Oversized allocations exceeding 2^63 bytes will be prevented by the wrapper using the GCC function __builtin_add_overflow where the signedness is converted, which can handle differing types within a single call, and will correctly signal an overflow upon assignment to the signed type.
Upon deallocation, contiguous free blocks are merged immediately, never allowing multiple free blocks to occur next to each other. First, the block is either merged into an existing free block below, which keeps its position in the freelist, or it is appended to the end of the freelist as a new element. Then, a free block above, if present, is unlinked from the freelist and merged into the expanded or new list item by further expansion. Two of the four possible situations, showing no merges and both merges, are visualized here:
(Visualization of the change of the freelist during two free operations. Only forward links are shown. Solid arrows: Links newly created by the previous operation. Crosses: Links that will be overwritten after executing the next operation. Striped: Block to be processed by the current operation.)

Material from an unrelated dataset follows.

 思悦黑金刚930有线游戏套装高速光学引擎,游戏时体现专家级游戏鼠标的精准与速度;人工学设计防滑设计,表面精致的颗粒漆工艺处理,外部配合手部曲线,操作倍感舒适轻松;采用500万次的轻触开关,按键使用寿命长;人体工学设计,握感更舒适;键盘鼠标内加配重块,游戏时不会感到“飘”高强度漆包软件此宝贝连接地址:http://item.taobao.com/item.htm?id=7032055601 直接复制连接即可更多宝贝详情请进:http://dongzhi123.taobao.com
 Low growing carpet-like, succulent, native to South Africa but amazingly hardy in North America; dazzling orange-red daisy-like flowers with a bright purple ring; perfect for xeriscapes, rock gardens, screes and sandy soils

Merges with memory outside the assigned range is prevented by the initialization, marking the non-existent block below the first block as used by setting the prevfree field to zero, and by adding a block header at the end of the range, representing a used block, with a magic value as its size – which however is not checked against in the BGET configuration at hand.
This combination of allocation strategy and splitting mechanism causes the heap to initially behave like the stack, placing new buffers or data structures below the newest and lowest data structure currently in use – although with 16 bytes of overhead in between and at the boundaries of the available buffer. When predicting heap memory locations, reverse engineering can be used to identify TA-specific memory allocations.

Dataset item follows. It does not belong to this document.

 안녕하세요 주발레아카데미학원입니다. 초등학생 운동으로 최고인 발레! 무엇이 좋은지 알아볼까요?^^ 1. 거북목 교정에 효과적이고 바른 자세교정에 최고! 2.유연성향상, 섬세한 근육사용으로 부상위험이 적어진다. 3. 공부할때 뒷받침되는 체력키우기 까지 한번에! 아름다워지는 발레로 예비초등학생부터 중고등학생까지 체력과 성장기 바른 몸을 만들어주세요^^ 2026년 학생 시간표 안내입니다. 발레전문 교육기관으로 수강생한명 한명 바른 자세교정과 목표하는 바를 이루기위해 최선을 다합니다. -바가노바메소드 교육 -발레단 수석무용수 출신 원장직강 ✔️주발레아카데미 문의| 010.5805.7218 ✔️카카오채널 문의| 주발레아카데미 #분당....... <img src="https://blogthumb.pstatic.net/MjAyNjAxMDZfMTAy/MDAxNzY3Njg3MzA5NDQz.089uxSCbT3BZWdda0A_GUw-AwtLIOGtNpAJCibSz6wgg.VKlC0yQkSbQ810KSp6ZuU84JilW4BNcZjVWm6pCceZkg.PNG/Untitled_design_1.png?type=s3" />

Prior to the application’s allocations, the TA’s initialization process already requests 16 bytes for the malloc implementation wrapping BGET itself, 32 bytes for the initialization of the math API, and 32 bytes for every session opened to the TA, with 16 bytes of overhead each. You can find those by searching the code for any malloc, calloc or realloc calls, or with the GDB debugger. This results in an additional offset of 0x80 bytes from the heap’s upper boundary.
(Visualization of OP-TEE’s freelist root element and the BGET heap linked to by it, containing exemplary blocks. Gray: Blocks not available for allocation; White: Free Blocks available for allocation. Overview of the structs’ elements: prevfree is the size of the preceding block, if it is free, and roughly equals glibc’s prevsize element. bsize is the size of the current block, including its header, which is negated if the block is free. Free blocks additionally contain two pointers flink and blink, pointing forwards and backwards in the double linked freelist. Solid arrows represent pointers. Dashed Arrows point toward dependant values. On the bottom: Instances of the structs bhead and bfhead used by BGET.)
Further sources: optee_os sourcecode and GDB attached to an emulation within QEMU.